It wasn’t too long ago, just over 50 years, when the case of Loving v Virginia was heard by the supreme court in 1967. This is a case where a black woman married a white man in a state where it was legal, but the state of Virginia wanted to charge them with felonies.
The statute read:
Punishment for marriage. — If any white person intermarry with a colored person, or any colored person intermarry with a white person, he shall be guilty of a felony and shall be punished by confinement in the penitentiary for not less than one nor more than five years.
In the oral arguments, you can hear the attorney for the state of Virginia state that without a marriage, they would have been charged with “felony fornication”.
Today, the thought that this could have ever happened in America is shocking. Since this case we have grown accustomed to interracial marriage and most of us never even questioned it. Even more recently, gay marriage has been ruled on, in a similar way, to allow same sex couples to do the same. And a century from now, people will wonder how anyone could have ever viewed it as a crime.
It was ultimately decided in Loving v Virginia, that the 14th amendment’s equal protection is what would defend their right to be married. Effectively this said that if the government was going to recognize and “protect” a marriage of two people, it would have to protect it for ANY two people, because they had equal rights.
But what about their pursuit of happiness?
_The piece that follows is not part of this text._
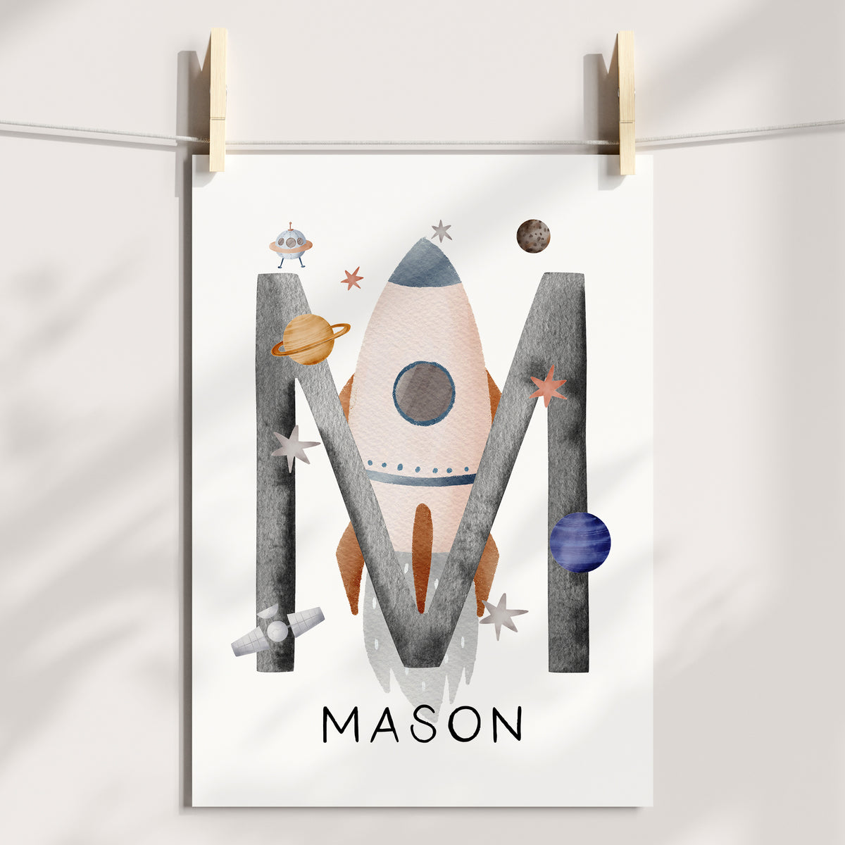 Perfect for the space, planet or solar system themed nursery, bedroom or playroom, this set of three prints includes a rocket name print personalised with your little one's details, an alphabet and numbers print. A perfect new baby boy gift, or a great way to add the finishing touches to your own child's nursery or bedroom space.

After all, don’t people usually get married to pursue a happy life? While it wasn’t the headline of this case, it was an integral part of it. The court’s opinion read:
The freedom to marry has long been recognized as one of the vital personal rights essential to the orderly pursuit of happiness by free men. Marriage is one of the “basic civil rights of man,” fundamental to our very existence and survival.
The court recognized that marriage was a right essential to the pursuit of happiness.
Whether or not it’s truly essential is subjective. There are many people who choose to be single for their entire lives and that is what makes them happy. But that the court recognized it as a thing that contributes to one’s happiness is important. Shouldn’t that mean that anything which could contribute to one’s happiness be equally protected as a right? Of course, so long as that right does not infringe on the rights of another?
And let’s take this a step further. In Murdock v Pennsylvania in 1943, the court ruled that rights can not be converted into privileges, nor charged a tax or license to exercise them. If marriage is recognized as a right, why are they charging a fee and why is a license required?
A little known fact is that they are not required. Marriage can be achieved by a simple contract without any fees or licenses. The only difference may be how the government recognizes the marriage when it comes to common property, parental rights, etc. Some states will recognize it as a common law marriage which is recognized the same as any other licensed marriage, but without the government’s stamp of approval.
With a licensed marriage, those things are already prescribed by law. If you don’t like any of those laws you can change them with a prenup. If you don’t want anything to do with those laws you can start from scratch with a simple contract.
But most importantly is that marriage is recognized as human right and there is no requirement to pay the government or request a license or permission to be granted to exercise that right. Shouldn’t this apply to every other human right? What about the consumption of cannabis that helps millions of people reach a state of happiness? If this is a right, how could the government limit the growth, distribution and consumption? How could they charge a tax to purchase it? This seems antithetical to a free society. We should demand the government get out of the way of our happiness.